Despite inconclusive evidence about the benefits of large-scale mergers, the three colleges have agreed to abandon the original aim of "co-location" on two sites, under which each would have its identity preserved. This was one of the major sticking points for Stow College, which led it to pull out of the discussions last month.
In a joint statement, the three principals, Paul Little of Central College, Janet Okten of Glasgow College of Nautical Studies and Tom Wilson of Metropolitan College, said: "We are clear in our new shared mission: to deliver world-class learning for a local, regional, national and international market."
Mr Little, who came from Northern Ireland, where he worked in an institution formed from six centres, commented: "Who wouldn't want to study and work in a world-class, state-of-the-art, technology-rich educational environment?"
He told The TESS: "This will be good for learners, good for staff and good for Glasgow."
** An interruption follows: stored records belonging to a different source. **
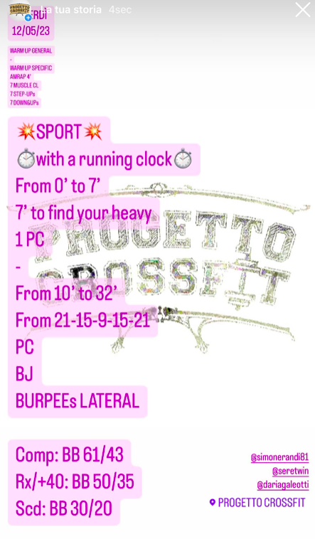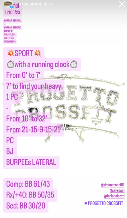 Pubblicato daprogettocrossfit12 Maggio 202314 Maggio 2023Pubblicato in: Wod Condividi: Fai clic per condividere su X (Si apre in una nuova finestra) X Fai clic per condividere su Facebook (Si apre in una nuova finestra) Facebook Mi piace Caricamento... Correlati
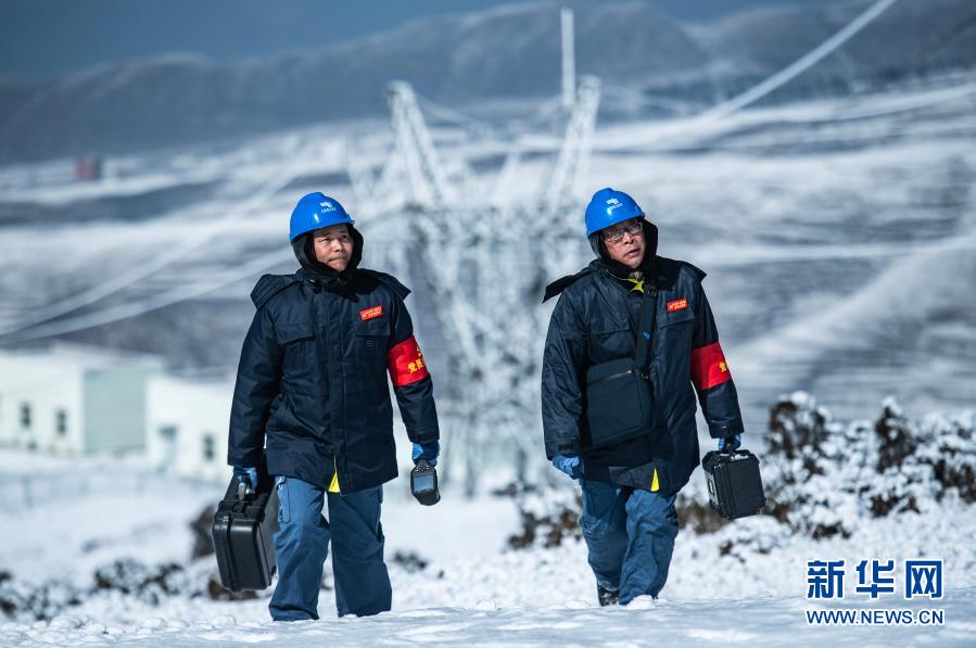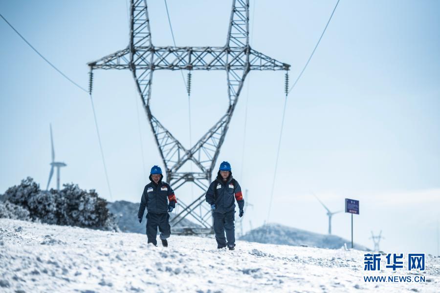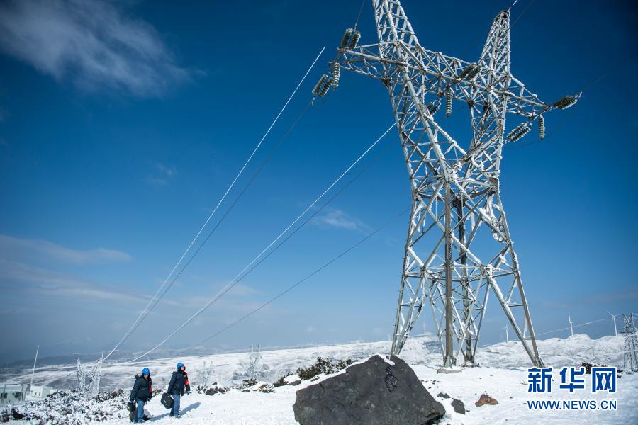 六盘水供电局输电所巡检2班工作人员在对110KV四柏线开展特巡特维工作(1月12日摄)。 近日,贵州省六盘水市连续出现降雪天气。南方电网贵州六盘水供电局迅速启动应急预案,组织人员对输变配电设备开展特巡特维工作,排查线路杆塔积雪、覆冰、树障等情况,保障辖区内电网安全稳定运行。 新华社记者 陶亮 摄
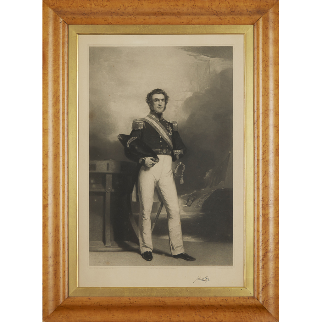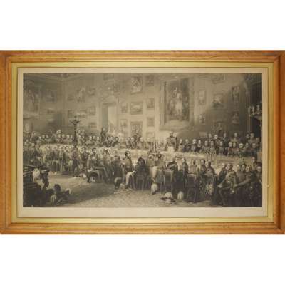 the first depicting 'The Waterloo Banquet at Apsley House' after William Salter, 70cm x 116cm (sight size); and the second a portrait of Rear Admiral Lord John Hay, after John Watson Gordon, 68cm x 44cm; in moulded satin birch frames with gilt slips (2)
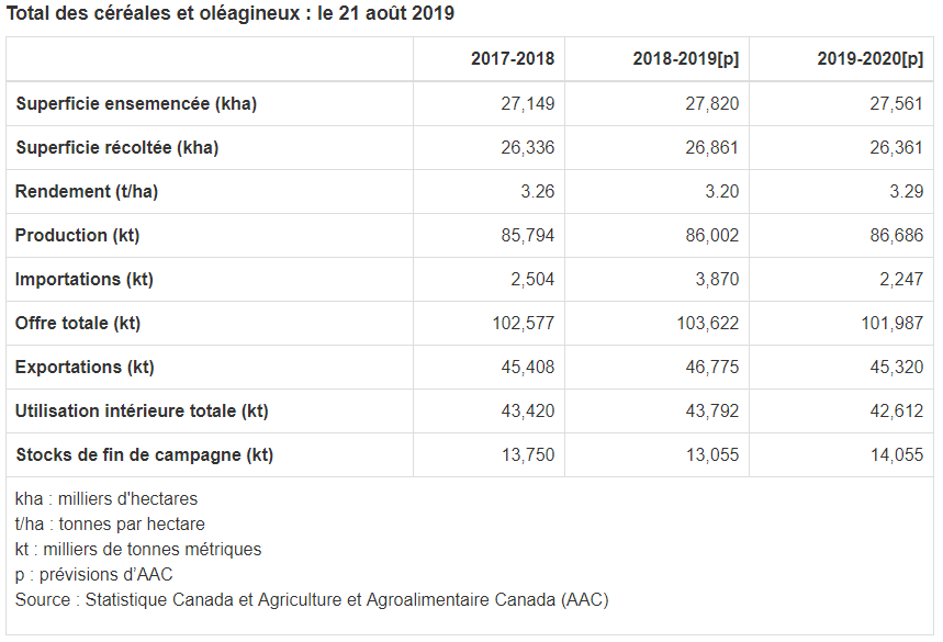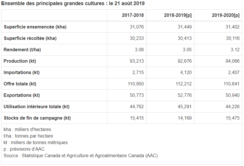 Pour 2019-2020, les estimations des superficies ensemencées sont fondées sur la diffusion de l'Enquête sur les superficies ensemencées de Statistique Canada du 26 juin, qui indique une légère diminution de la superficie totale ensemencée en grandes cultures au Canada par rapport à 2018-2019. Les prévisions d'AAC pour les superficies récoltées sont fondées sur les tendances historiques. Pour toutes les cultures, on a supposé des rendements moyens ou tendanciels, étant donné l'amélioration des conditions de croissance vers le milieu de l'été, puisque les conditions d'humidité se sont améliorées dans l'Ouest canadien en raison de pluies dispersées, tandis que l'Est du Canada s'est asséché en raison du réchauffement de la température. AAC prévoit une augmentation de 1 % de la production totale, mais une diminution de l'offre de 1,4 % attribuable à la diminution des stocks de fin de campagne et des importations. Les stocks de fin de campagne devraient croître d'environ 9,2 % en raison de l'augmentation des stocks de fin de campagne de céréales secondaires et de pois secs. Les cours mondiaux des grains continueront de subir des pressions à la baisse en raison de l'abondante offre de grains à l'échelle mondiale, mais l'impact sur les cours des grains au Canada continuera d'être atténué par la faiblesse du dollar canadien.
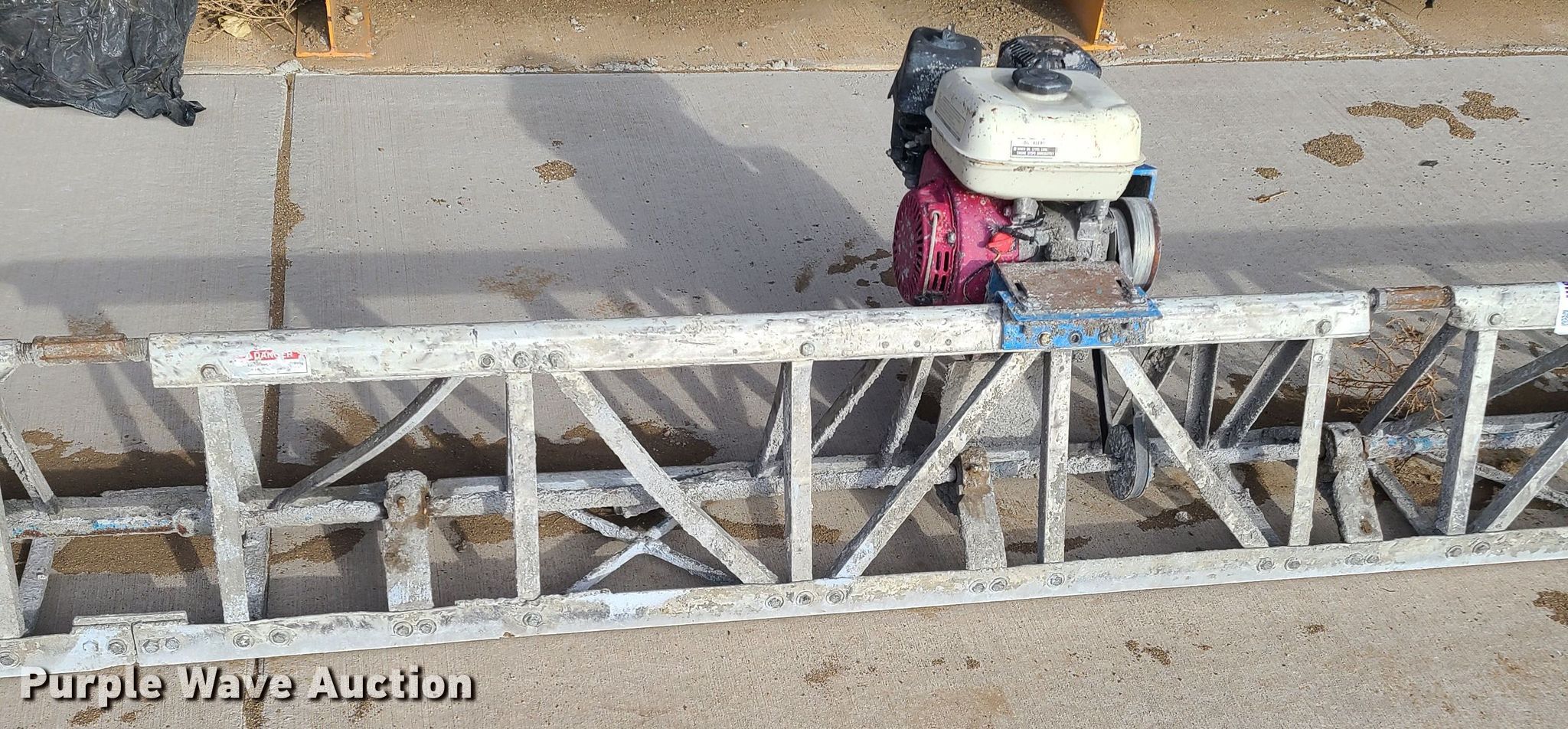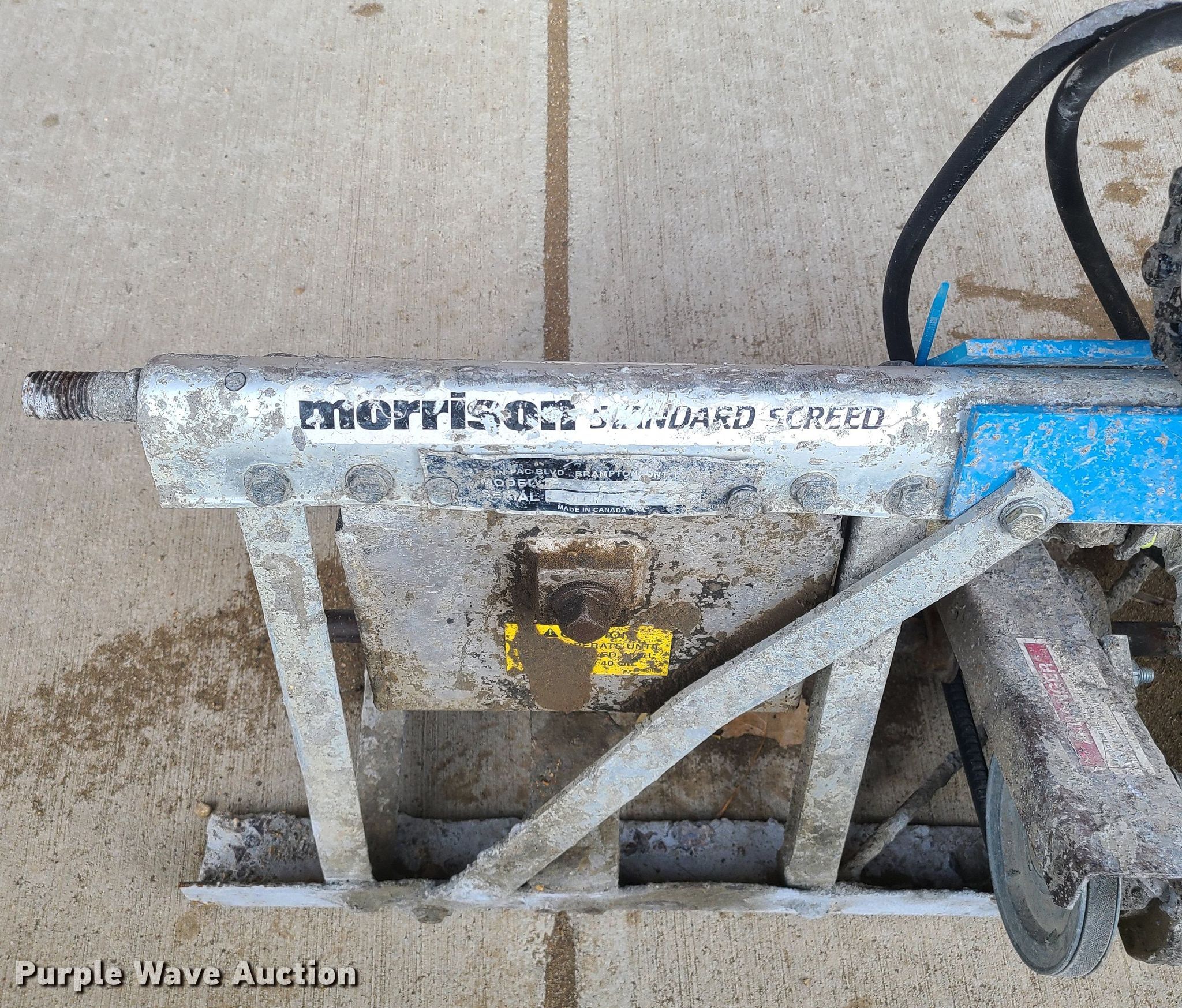 Morrison screed. Honda single cylinder gas engine, Hydraulic driven, 27' maximum length (4) 55" sections, (3) 25" sections. Sharpe Rentals, Inc.. 1908 N Garfield Ave. Pierre, SD 57501

The new college will dominate FE in Scotland, accounting for one in 10 college students. Stow had deep reservations about whether a college of this size could be effective. "We think it will be too big to offer the personal learning experiences colleges excel at," John Mitchell, the chair of its board, commented.
But the statement from the three principals was adamant that the new college would "deliver unparalleled benefits to our learners, including the provision of a comprehensive curriculum that widens access and supports participation, achievement and progress ... supported by a wider, more specialised range of staff and services than our individual colleges can offer at present."
Mr Little said he believed students would benefit from being in a "cosmopolitan" community of 40-50,000 learners. He was well aware of the challenges which a college of that size presented, so it was important to have "the right philosophy, the right climate and the right culture".
John McClelland, chair of the Scottish Funding Council, who has played a key role in arm-twisting the colleges into an agreement, praised the move as "the right one for the colleges, for Glasgow and for Scotland". He said he believed the merger decision would provide "momentum" to develop the two-site campus for the college - on Cathedral Street, near the Merchant City and Thistle Street on the Clyde.
Vic Emery, the businessman who chairs New Campus Glasgow, called it "an exciting advance". He expressed optimism that the plans would be delivered "on time and on budget".
The campus is scheduled to be completed and ready for business in 2014.
MIXED FORTUNES OF SHARED MISSIONS
The most recent cost-benefit analysis of college mergers, carried out by the Department for Innovation, Universities and Skills in London, concluded that "the limited evidence available does not provide a consistent message".
The report added: "It appears that success of mergers is not guaranteed, but may be dependent on a complex set of local factors and conditions with no consistent message about when mergers are most likely to succeed."
The study said there could be benefits from integrating curricula, reducing over-provision and improving capital investment. But there was also evidence that substantial cost savings were difficult to achieve, and that communications and college culture were critical factors for success. There was "insufficient evidence" that larger colleges performed better.
Reviews in Wales and Northern Ireland, which have decided to move to a smaller network of regional colleges, "do not include any evidence that larger colleges are necessarily more effective, or that college mergers result in net benefits."
A suggestion in the FE review for the Welsh Assembly Government that efficiency savings would only make an impact when a college's turnover reached Pounds 15 million was not backed up, DIUS states.